WORK INSTRUCTION
Repeat the records in full. No pictures belong in the copy.

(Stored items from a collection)
________________

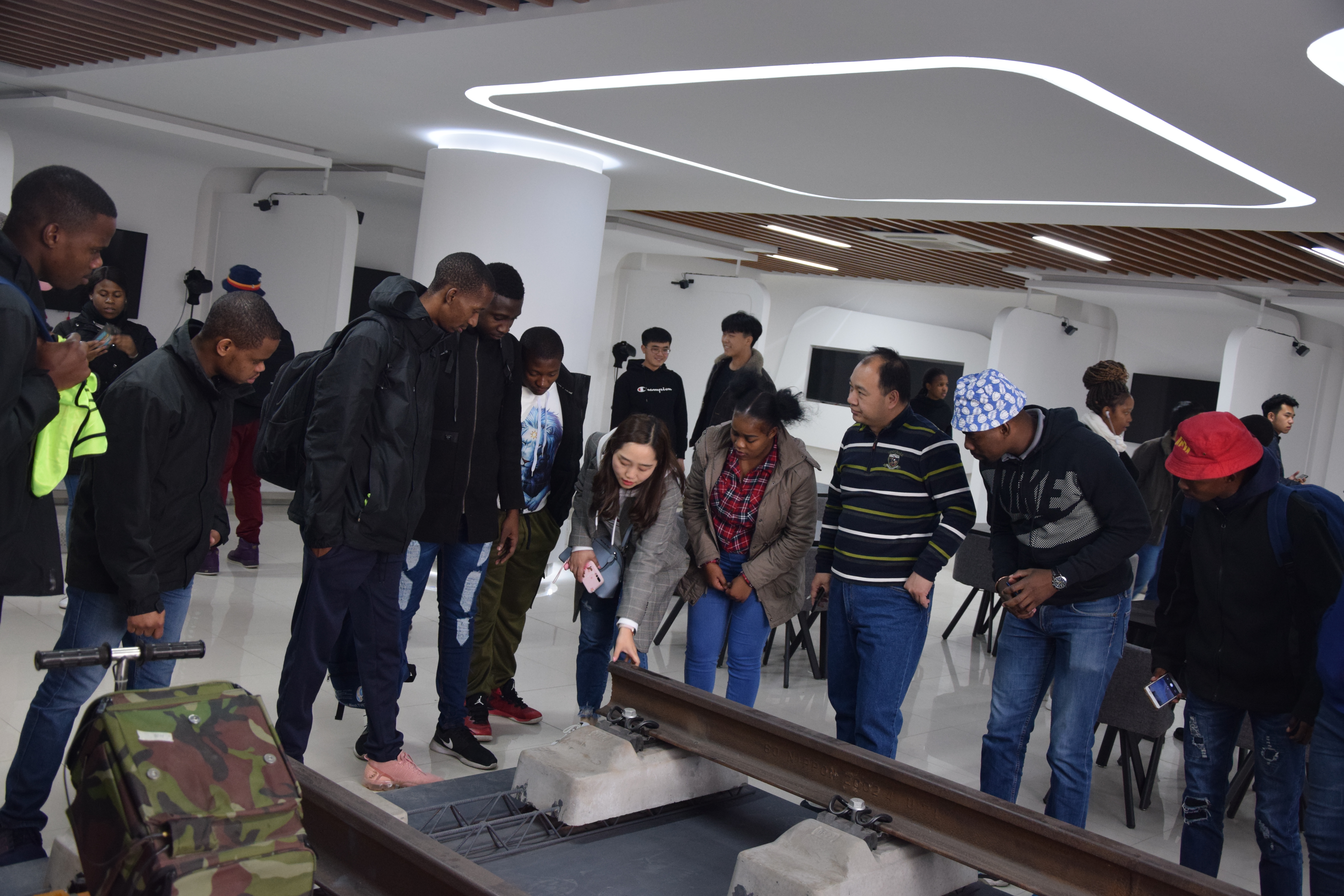 本次参观是南非国际留学生初遇前程路校区,我系领导尤为重视,在曹书记的带领下,南非国际留学生分别参观了铁龙广场、6号楼铁道工程学院实训教室、文化长廊、列车书吧等学校具代表性地标。
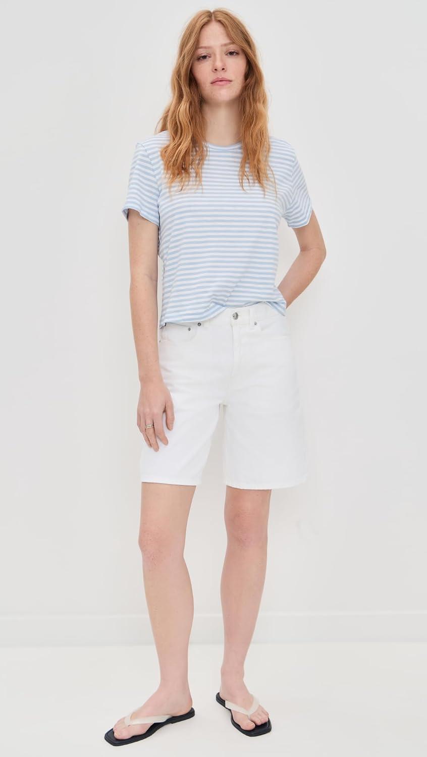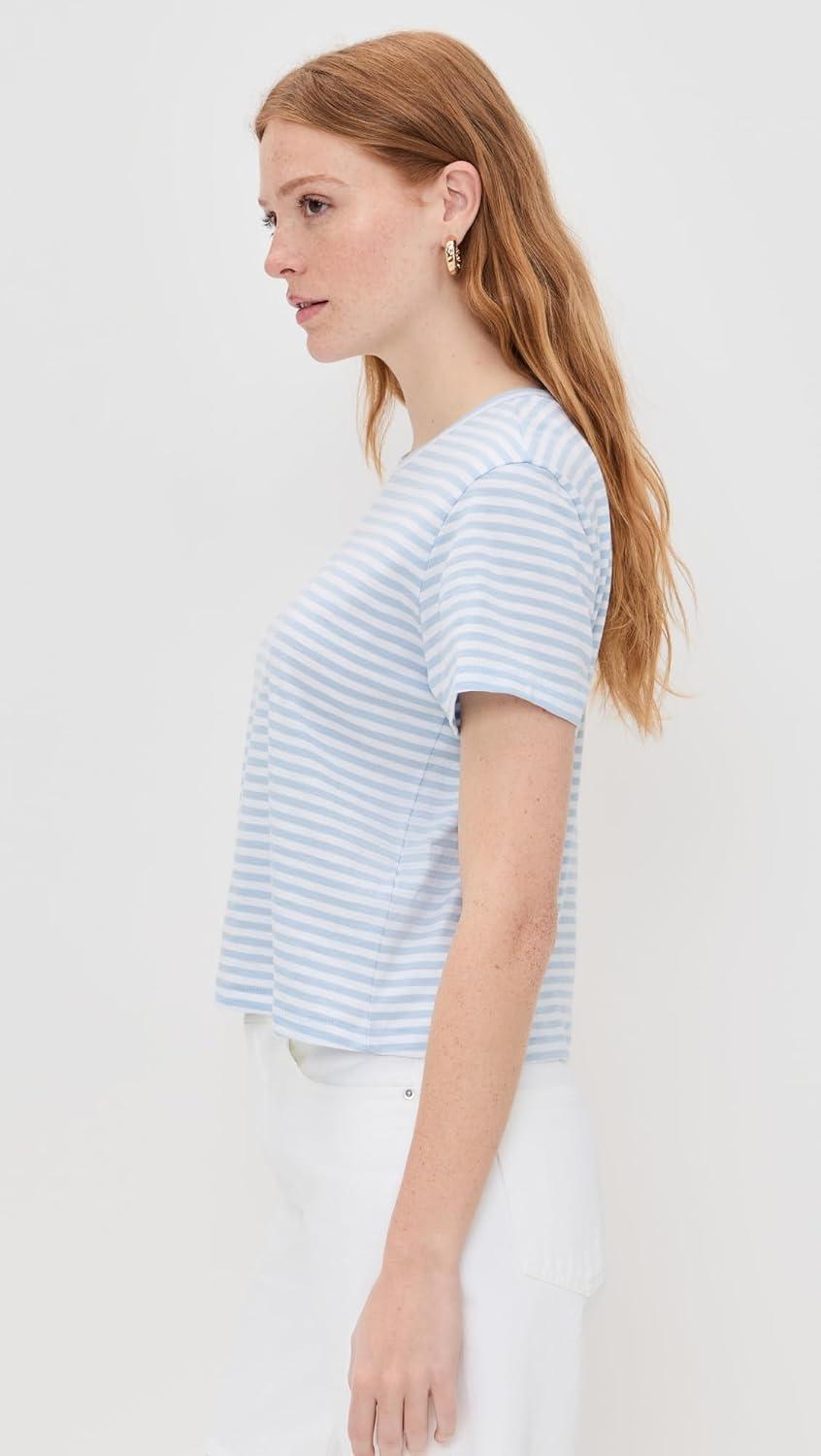 Madewell Women’s Slub Boxy-Crop Tee(Warhol Stripe Iced Blue)
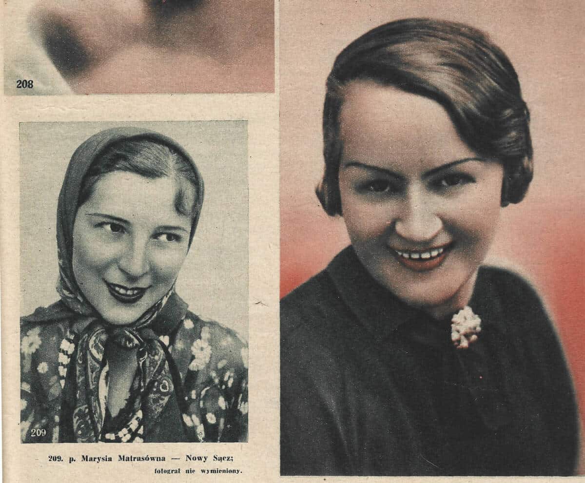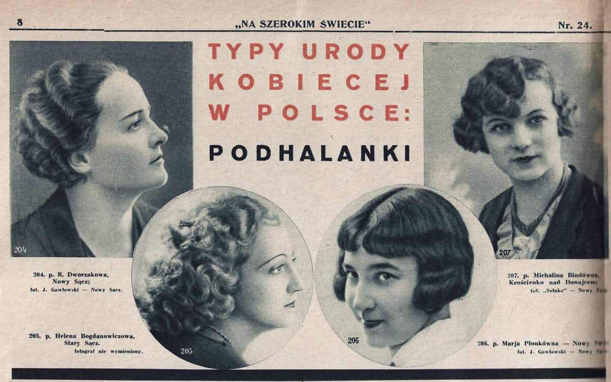 Seria zdjęć nadesłanych na konkurs „Typy urody kobiecej w Polsce” prowadzony przez tygodnik Na Szerokim Świecie i opublikowanych w numerze 24 (300) tego czasopisma w czerwcu 1934 roku. „W dzisiejszym numerze robimy próbę „regjonalną” naszego konkursu: zamieszczamy same zdjęcia Podhalanek, nadesłane nam z Nowego Targu, Nowego Sącza, poza tem po jednej ze Starego Sącza i z Krościenka nad Dunajcem – wszystko w obrębie tej samej podgórskiej okolicy, między Pieninami i Tatrami” – wyjaśnia redakcja.
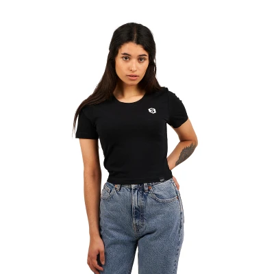 Short shot t-shirt Superb. Short sleeve. Round neckline with ribbed finish. Brand print on the front. Seams seen in tone. Composition: 95% Cotton, 5% Elastane. Care: - Wash at max. 40ºC. - Do not use bleach. - Iron at low temperature. - Do not dry clean. - Do not use dryer.
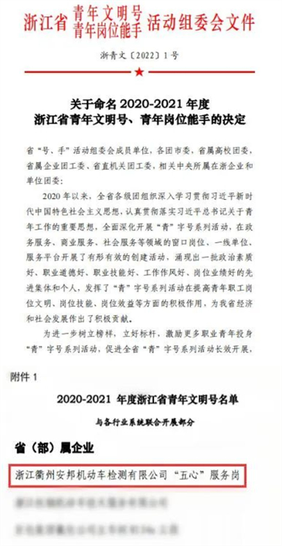 4月18日,浙江省“青年文明号、青年岗位能手”活动组委会发布《关于命名2020-2021年度浙江省青年文明号、青年岗位能手的决定》,命名全省574家集体为2020-2021年度浙江省青年文明号,认定230人为2020-2021年度浙江省青年岗位能手。其中,浙江衢州安邦机动车检测有限公司“五心”服务岗被命名为2020-2021年度浙江省青年文明号。
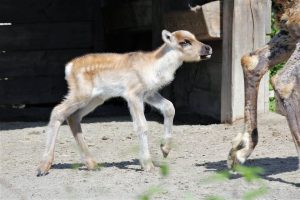„In den ersten sechs Monaten trägt das Jungtier sein helles Jugendkleid – wodurch die dunkle Schnauze umso mehr auffällt – und hebt sich dadurch deutlich von den anderen Tieren ab. Karibu-Kälber erkennen ihre Mütter übrigens an der Stimme. Wenn ein Karibu-Weibchen das Rufen eines Kalbes hört, antwortet es mit einem gedämpften Ruf. Diesen Ruf erwidert nur das eigene Kalb, indem es auf seine Mutter zuläuft. Einfach mal hinhören!“ – Erlebnis-Zoo Hannover

________________

EXERCISE SOLUTION
 本次参观是南非国际留学生初遇前程路校区,我系领导尤为重视,在曹书记的带领下,南非国际留学生分别参观了铁龙广场、6号楼铁道工程学院实训教室、文化长廊、列车书吧等学校具代表性地标。
 Madewell Women’s Slub Boxy-Crop Tee(Warhol Stripe Iced Blue)
 Seria zdjęć nadesłanych na konkurs „Typy urody kobiecej w Polsce” prowadzony przez tygodnik Na Szerokim Świecie i opublikowanych w numerze 24 (300) tego czasopisma w czerwcu 1934 roku. „W dzisiejszym numerze robimy próbę „regjonalną” naszego konkursu: zamieszczamy same zdjęcia Podhalanek, nadesłane nam z Nowego Targu, Nowego Sącza, poza tem po jednej ze Starego Sącza i z Krościenka nad Dunajcem – wszystko w obrębie tej samej podgórskiej okolicy, między Pieninami i Tatrami” – wyjaśnia redakcja.
 Short shot t-shirt Superb. Short sleeve. Round neckline with ribbed finish. Brand print on the front. Seams seen in tone. Composition: 95% Cotton, 5% Elastane. Care: - Wash at max. 40ºC. - Do not use bleach. - Iron at low temperature. - Do not dry clean. - Do not use dryer.
 4月18日,浙江省“青年文明号、青年岗位能手”活动组委会发布《关于命名2020-2021年度浙江省青年文明号、青年岗位能手的决定》,命名全省574家集体为2020-2021年度浙江省青年文明号,认定230人为2020-2021年度浙江省青年岗位能手。其中,浙江衢州安邦机动车检测有限公司“五心”服务岗被命名为2020-2021年度浙江省青年文明号。
„In den ersten sechs Monaten trägt das Jungtier sein helles Jugendkleid – wodurch die dunkle Schnauze umso mehr auffällt – und hebt sich dadurch deutlich von den anderen Tieren ab. Karibu-Kälber erkennen ihre Mütter übrigens an der Stimme. Wenn ein Karibu-Weibchen das Rufen eines Kalbes hört, antwortet es mit einem gedämpften Ruf. Diesen Ruf erwidert nur das eigene Kalb, indem es auf seine Mutter zuläuft. Einfach mal hinhören!“ – Erlebnis-Zoo Hannover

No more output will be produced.